I am reading "Insertion Sort is O(nlogn) by Michael A. Bender , Martín Farach-Colton , Miguel Mosteiro" and I don't quite understand how the algorithm works and how to implement it even with the help of Wikipedia. The following is the description of the algorithm extracted from the original article.
1) Let A be an n-element array to be sorted. These elements are inserted one at
a time in random order into a sorting array S of size (1 + ε)n.
So the first step is creating array of size (1 + ε)n. Let ε = 1, then I need to create an array with twice the size of the original array.
2) The insertions proceed in log(n) rounds as follows.
Each round doubles the number of elements inserted into S and doubles the prefix of S where elements reside.

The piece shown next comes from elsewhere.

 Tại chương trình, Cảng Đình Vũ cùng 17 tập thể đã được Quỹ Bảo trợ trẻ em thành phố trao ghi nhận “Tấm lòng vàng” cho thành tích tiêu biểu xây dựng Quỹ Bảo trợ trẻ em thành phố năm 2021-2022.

I understand that there will be outer loop that will loop log(n) time. Each round, I need to double the number of elements from A (original array) to S array. What I don't really understand is "double the prefix of S".

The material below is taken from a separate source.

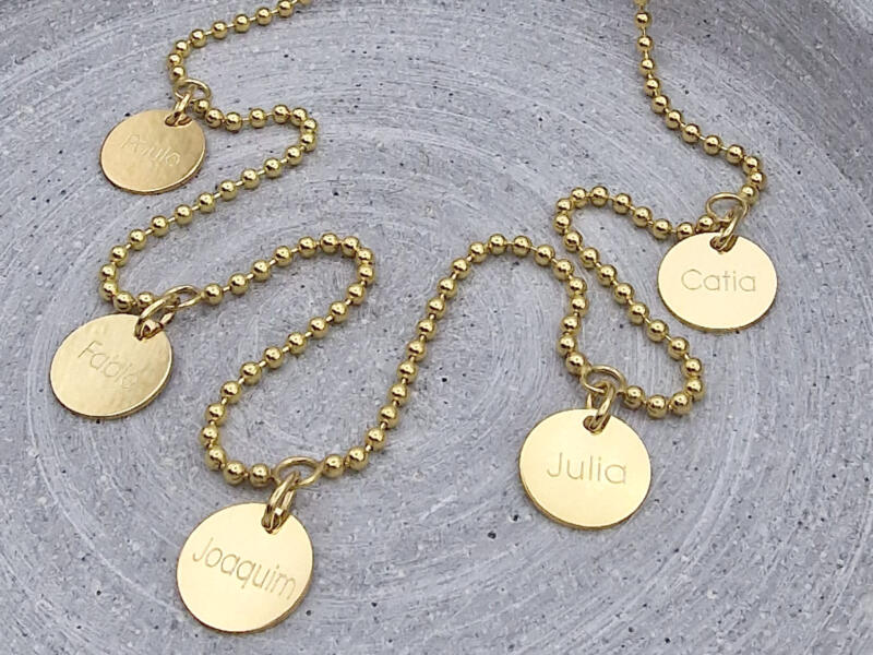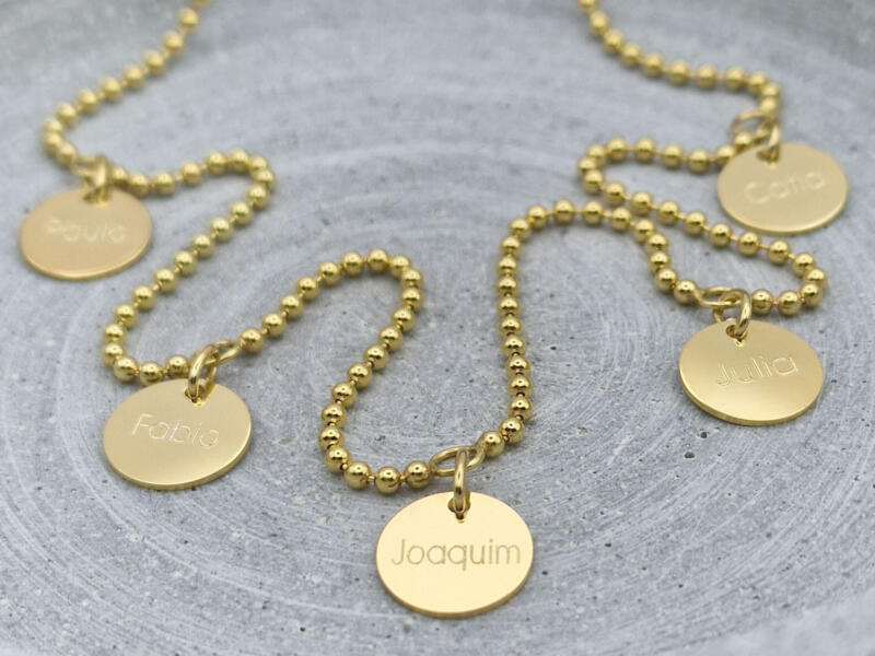 Familienkette Gold mit fünf runden Gravur Anhängern, Kugelkette, Namenskette

3) Specifically, round ith ends when element 2i is inserted and the elements are rebalanced. Before the rebalance, the 2i elements are in the first (1 + ε)2i positions.

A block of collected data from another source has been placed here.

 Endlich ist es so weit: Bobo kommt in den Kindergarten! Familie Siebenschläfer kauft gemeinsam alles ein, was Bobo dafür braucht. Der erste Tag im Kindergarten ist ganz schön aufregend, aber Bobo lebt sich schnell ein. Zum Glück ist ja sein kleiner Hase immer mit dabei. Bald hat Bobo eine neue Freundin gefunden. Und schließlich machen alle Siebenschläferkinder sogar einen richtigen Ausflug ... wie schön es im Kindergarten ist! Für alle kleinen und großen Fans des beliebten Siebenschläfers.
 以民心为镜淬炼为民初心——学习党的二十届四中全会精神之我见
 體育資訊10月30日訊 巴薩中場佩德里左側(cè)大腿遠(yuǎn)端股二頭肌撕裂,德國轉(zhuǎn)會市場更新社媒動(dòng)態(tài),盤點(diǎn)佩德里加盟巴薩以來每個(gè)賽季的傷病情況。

A rebalance moves them into the first (2 + 2ε)2i positions, spreading
the elements as evenly as possible. We call 2 + 2ε the spreading factor.
From what I understand is that for every round, we will do "rebalance". "rebalance" will uniformly spread the original element in S array so that it leaves some gap between the element. The formula to spread the element is: k = i * (1 + ε) where i is old index, and k is a new index.
4) The insertion of 2i−1 intercalated elements within round ith is performed the
brute force way: search for the target position of the element to be inserted by
binary search (amongst the 2i−1 support positions in S), and move elements
of higher rank to make room for the new element. Not all elements of higher
rank need to be moved, only those in adjacent array positions until the nearest
gap is found.
This part shows how to insert each element into S array. First, use binary search to search for where the element should belongs. Then, shift the higher rank until it hit the gap.
This is the translation of the algorithm from what I understand (where A is array to sort and array start with index of 1):
n ← length(A)
S ← array of size (1 + ε) * n
for i ← 1 to n
S[i] = null
for i ← 1 to floor(log(n) + 1)
for j ← 2i - 1 to 2i
index = binarysearch(S, A[j])
insert(S, A[j], index)
Then for insertion() function takes 3 parameters: array, item to insert, and location.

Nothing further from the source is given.